An Adaptive and Distributed Framework for Advanced IR
Author(s) -
Roberto Basili,
Maria Teresa Pazienza,
Luigi Mazzucchelli
Publication year - 2000
Language(s) - English
DOI - 10.5555/2856151.2856152
It has been often noticed that modern IR ((Gregory, 1991), (Alan, 1991)) should exhibit capabilities that are sensitive to the document content, integrate interactivity, multimodality and multilinguality over a large scale and support the very dynamic nature of the current needs for information access (so to be adaptable to chanes of the sources, language and content/style). This paper discuss the architectural design aspects of TREVI (Text Retrieval and Enrichment for Vital Information - ESPRIT project EP23311), a distributed Object-Oriented Java/CORBA driven system for NLP-driven news classification, enrichment and delivery. The advanced features of TREVI include the extensive use of a well defined model ((Mazzucchelli, 1999)) based on a typed mechanism for static/dynamic control of the distributed process and on a principled representation of linguistic types into computational OO data structures and the adaptivity of the employed linguistic p rocessors (namely, the robust and lexically-driven parser).
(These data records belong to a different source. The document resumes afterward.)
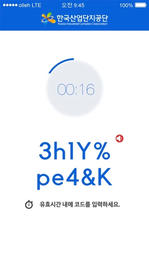 한국산업단지공단 스마트 인증은 사용자 2차인증시 사용가능한 일회용 랜덤코드를 제공합니다.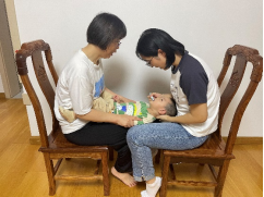 2岁以下孩子刷牙主要靠家长来完成,这时候孩子不能配合刷牙,我们得采用一个舒适而科学的姿势来帮助他们刷。推荐使用膝对膝的体位,即两位家长相对而坐,膝盖对膝盖帮孩子刷牙。孩子的头平躺于一位家长腿上,双腿分开置于另一位家长的身体两侧,这位家长用双手辅助固定住孩子的腿部,如下图: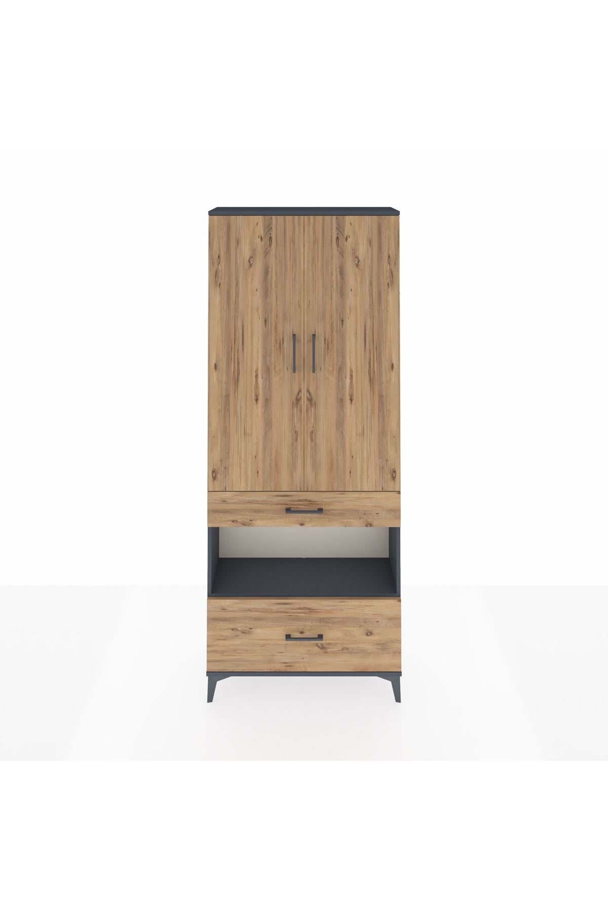 Arges Dolap 3 Raflı 2 Çekmeceli Tek Askılı 88x30x221 Antrasit-Çam

The original aspect of TREVI is its novel combination of a systematic design approach with the contribution of advanced and adaptive NLP processors for content-driven text classification. A full toolkit system was developed within the operational scenarios related to three different users (i.e. three different information providers), in two languages (English and Spanish) and its good performances (classification accuracy and usability) are basic evidences of the success of this approach.